Electronic Components Revolutionize Medical Power Conversion: Efficiency and Miniaturization Breakthroughs

Synergistic Wireless Power and Data Transfer

Nanjing University’s team unveiled a novel wireless power and data transfer system at the 2024 VLSI Symposium. By utilizing the fundamental wave for energy transmission (6.78 MHz) and the third harmonic for data, the system achieves 52.6% end-to-end efficiency and 4.0 Mb/s communication rates simultaneously. Its dual-resonance compensation topology suppresses interference, enabling high-performance brain-computer interfaces and glucose monitors.

Miniaturized High-Density Converters

The University of Catania developed the world’s most efficient AC/DC converter using 28-nm CMOS technology.
Designed for battery-free implants, it delivers 95% peak efficiency and a power density of 222 mW/mm². Powered by a 0.5-mm-thick piezoelectric transducer, it outputs 1mW for micro-devices like pacemakers.

Advanced Energy Storage & Thermal Management

Aqueous Ni-Zn Batteries: Researchers from City University of Hong Kong and Sichuan University achieved a 6.88 mWh/cm² energy density battery via superoxide-activated triple-electron transfer, enabling -day continuous blood pressure monitoring.

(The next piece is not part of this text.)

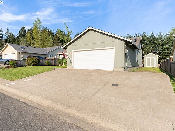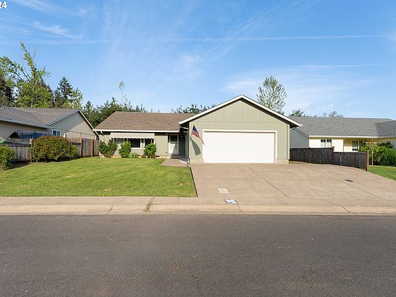 WOW! Come check out this clean, move-in ready, well-built 1682 sq ft, 3 bed, 2 bath on a 0.15 lot. You will see immediately from the curb appeal that this lovely home has the pride of ownership shown throughout when walking this lovely oasis. Sitting in a quaint, quiet neighborhood close enough for a short & safe walk to schools & amenities saving gas money and providing walkable areas for exercise or a nice stroll. Only minutes from the I-5 corridor & 20 minutes from Eugene make commuting a breeze for work or pleasure to a bigger city without having to pay those higher property taxes or prices buying in Eugene. Mini-split unit easily heats and cools the entire space. Enjoy updated laminate flooring in the entryway and kitchen as well as newly added accents with the tile backsplash in the kitchen and bathroom that add updated character and charm. With a full sized garage boasting built in shelving and a storage shed to store more of your things bring extra value to this property. With trees for natural privacy in the backyard, not having to be bothered with neighbors or any future developments due to the wetlands make BBQs fun with no lookie-loos. Priced to sell! Come check this gem out before it's gone! Call & schedule your showing today!
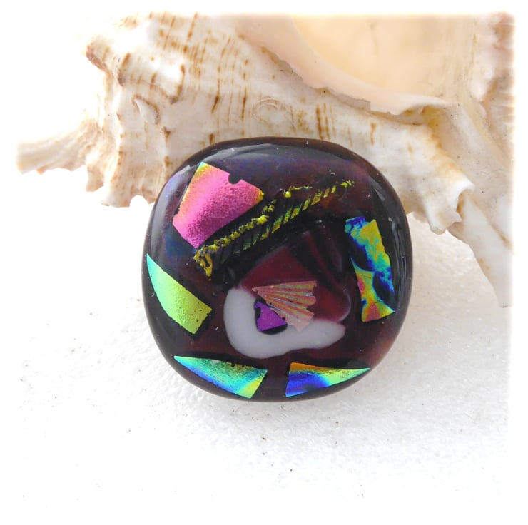 Patchwork Dichroic Fused Glass Brooch 049 Handmade

Photothermal Conversion: Renmin University’s skin thermal management system converts NIR-II light to 500mW electricity while preventing tissue damage through multi-stage heat dissipation.

Commercial-Grade Power Modules

Boca Tech’s MPQ60W medical DC/DC converter features 92.5% efficiency and <4.5μA leakage current with 5000VAC isolation. MORNSUN’s new series complies with 2×MOPP safety standards, offering 8mm creepage and <5μA leakage.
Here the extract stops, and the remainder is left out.